The problem with Bulmer's ‘internalist’ approach is that the reader never really knows what Galton tried to do, as Bulmer wants to tell us instead what Galton should have done. Given Galton's own limitations with mathematics — he only managed to get a third class in the mathematics tripos at Cambridge University and had a breakdown during this time — he would have found Bulmer's mathematics impossible to understand, as, indeed, will anyone who is not a professional statistician.

Like his cousin Charles Darwin, Galton worked as an independent scientist and never held a university post. Inspired by Darwin's ideas on biological variation, Galton began to devise a statistical method to measure it. His statistical work caught the attention of the zoologist W. F. R Weldon, who was looking for a way to find a working hypothesis for Darwin's variation. In 1891, Weldon took up the Jodrell chair of zoology at University College London, where Karl Pearson was professor of applied mathematics. In 1892, Pearson, who had just devised the standard deviation, struck up an intellectual partnership with Weldon, who needed help interpreting a bimodal distribution (at a time when it was thought that all data had to conform to the normal distribution). Weldon introduced Pearson to Galton in 1894, but it was Weldon who gave Pearson the impetus he needed to develop a new statistical methodology. Bulmer's discussions on Weldon are entirely devoid of that vital interaction he had with Pearson; Bulmer thus fails to show that the reason Weldon was the first scientist to provide empirical evidence of natural selection was precisely because Pearson was devising new statistical tools for him. Although Pearson grew fond of Galton, this relationship did not really develop until after Weldon's premature death in 1906.

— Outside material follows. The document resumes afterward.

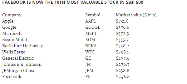 Facebook取代沃尔玛成为标准普尔十大市值最高公司,与苹果、谷歌和微软一起挤压传统企业的位置,象征意义在于美国投资人愈发青睐科技公司。从两家公司的对比看,Facebook去年的收入是125亿美元,而沃尔玛是4760亿美元,Facebook的总收入目前还赶不上沃尔玛的盈利,不过营收的增速是42%,而沃尔玛的营收增幅在下降。Facebook的员工数在上个季度刚过10000人,而沃尔玛全球员工总数为220万人,市值与公司体量上的差异体现出市场更看好Facebook的潜力。在过去一年中,Facebook的股价上涨了30%多,而标准普尔500指数同期只上涨了8.2%,这是因为Facebook每个季度的经营业绩都超出了分析师们的预期。现在分析师GeneMunster将Facebook目标价提高到120美元,比现在的股价还高30%,按照这个价格计算与其他标准普尔市值十强公司目前市值计算,Facebook将会成为市值第六大的公司。

Pearson has long been erroneously viewed as a disciple of Galton who followed in his footsteps and merely expanded what Galton started — a view that Bulmer endorses. Thus, Bulmer's interpretation of galtonian and especially pearsonian statistics is deeply problematic. It is wrong to assume that the impetus to Pearson's statistics came from reading Galton's Natural Inheritance (Macmillan, 1889), especially as Pearson's initial reaction to this book was actually quite cautious. Pearson did not incorporate Galton's statistical ideas on correlation and regression for another six years, when Galton wrote to him asking for his assistance in 1895. By then, Pearson had already created the infrastructure of his statistical methodology. It was not until 1934, when Pearson was 78 years old, that he reinterpreted in a more favourable light the impact that Galton's book had on his own statistical work.

There is a long discussion of Galton's idea of correlation and statistical regression, but Bulmer never explains that Galton actually confused correlation with statistical regression. The reason the correlation coefficient is referred to by the letter r and not, say, c is that Pearson showed that Galton's correlation formula was a measure of regression instead, as it measured the slope of the regression line, and he retained Galton's r to symbolize the correlation coefficient.

This book is not so much a story about Galton as it is about Bulmer recalculating Galton's data using twentieth-century statistical methods. Perhaps Bulmer should have simply taken all of Galton's data and reanalysed it using contemporary statistical methods to gain a different understanding of Galton's data.